Carl Wunsch, The Economist and the Gulf Stream

Carl Wunsch usually has very interesting things to say about the climate system, and although his arguments don’t necessarily win everyone completely over, they often generate an improvement in the level of scientific discussion. In this week’s Economist, he has a letter printed concerning the mis-definition of the ‘Gulf Stream’ concept in the magazine’s climate change survey a couple of weeks ago. This is essentially a reprint of his letter to Nature that was published in 2004, which stated correctly that the Gulf Stream is basically a wind driven phenomenon and will not stop or reverse while the wind still blows and the Earth still turns.

Gulf Stream SSTThe offending Economist statement was ‘The Gulf Stream is driven both by the rotation of the Earth and by a deep water current called the thermohaline circulation’ in an article discussing the likelihood of a ‘shutdown of the Gulf Stream’. Senso stricto, Wunsch is absolutely correct; the Gulf Stream in oceanographic terms refers to the very strongly intensified current on the western boundary of the Atlantic running from Florida to the Carolinas and which heads off into the mid-Atlantic at Cape Hatteras (see figure). These kinds of currents appear on the western boundaries of basins everywhere in the mid-latitudes and arise from the basic pattern of the winds (easterlies in the tropics, westerlies in the mid latitudes) and the rotation of the Earth (they do also require some kind of rotational gradient like you get on a spherical Earth – they wouldn’t exist on a cylindrical rotating planet, for instance – look up the ‘beta effect‘ if you are interested).

However, the Economist is using the term in a much more colliquial (and common) sense that conflates this current with the Meridional Overturning Circulation (MOC, often conflated with the Thermohaline Circulation) which involves convection in the waters around Greenland and the deep currents that cool the deep ocean. This use of the term is often synomymous with northward ocean heat transport (the North Atlantic Current) that contributes to Europe’s warmth and which have often been fingered as a particularly sensitive aspect of the climate. While in one sense the water flow associated with the MOC does contribute to the Gulf Stream, it is definitely the junior partner, and so any changes in the MOC are not going to threaten the Gulf Stream in any existential way. However, a shutdown in the MOC does not make as good a headline as a shutdown in the Gulf Stream, and so this misuse persists in the media and public alike (though not in The Day After Tomorrow – they used ‘North Atlantic Current’ throughout!).

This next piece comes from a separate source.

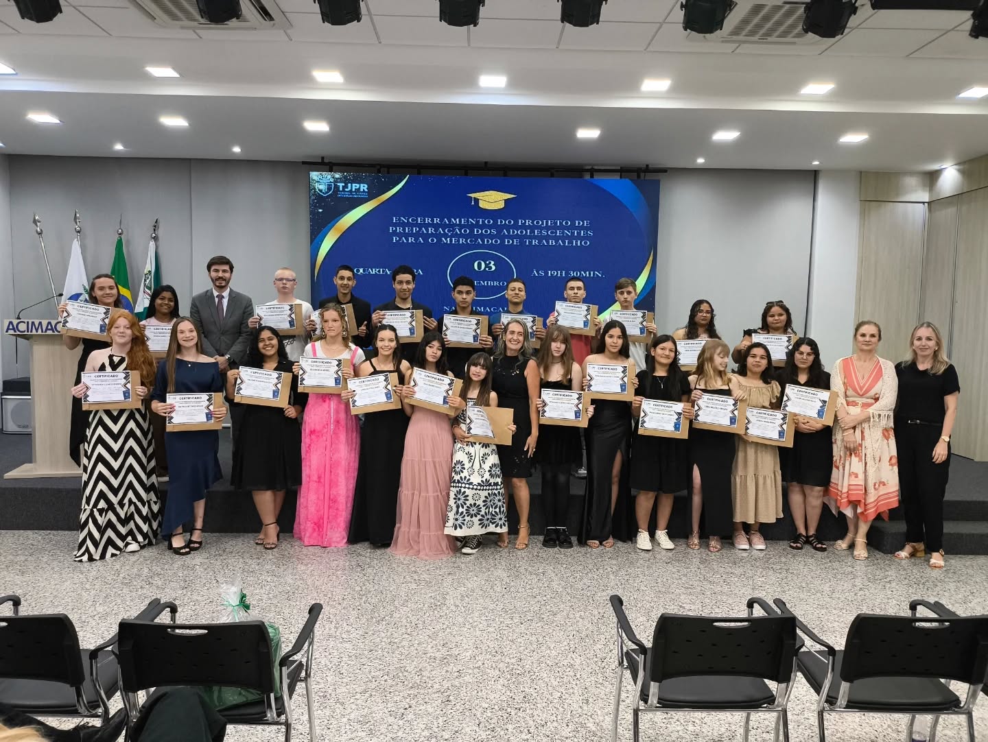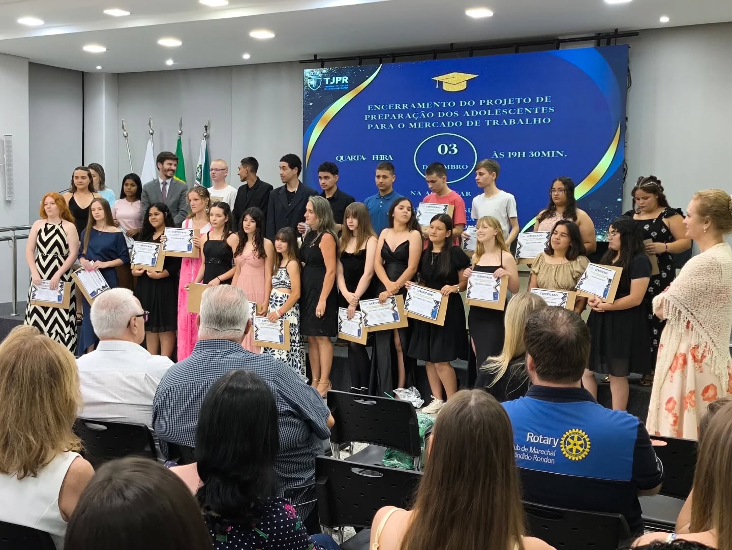 Aconteceu na noite desta quarta-feira (03), no auditório da Associação Comercial e Empresarial de Marechal Cândido Rondon (Acimacar), a formatura da turma do segundo semestre do projeto “Preparação dos Adolescentes para o Mercado de Trabalho”.

If the definition of Gulf Stream was really all that this was about, I doubt Wunsch would have picked up his pen, however, what Wunsch really objects to is the casual use of the word ‘driven’. This is a much more subtle point and one which even the scientific community hasn’t fully assimilated yet. There is a standard theorem of oceanography called Sandström’s theorem which basically states that it is really hard to do any work on a system, like the ocean, if you are cooling and heating at the same level (i.e. the surface). By contrast, the atmosphere is heated from below (since the atmopshere is mostly transparent to solar radiation), and cooled from above and so can behave as a relatively efficient heat engine. Since we observe however that the ocean does have a large-scale deep circulation, it can’t therefore be ‘driven’ (in an energetic sense) from the cooling of waters in the high latitudes. The alternate name, ‘the Thermohaline Circulation’, does tend to perpetuate the idea that it is the temperature and salinity fluxes that ‘drive’ the circulation, and so is slowly falling into disfavour (though it is still widely used and defended).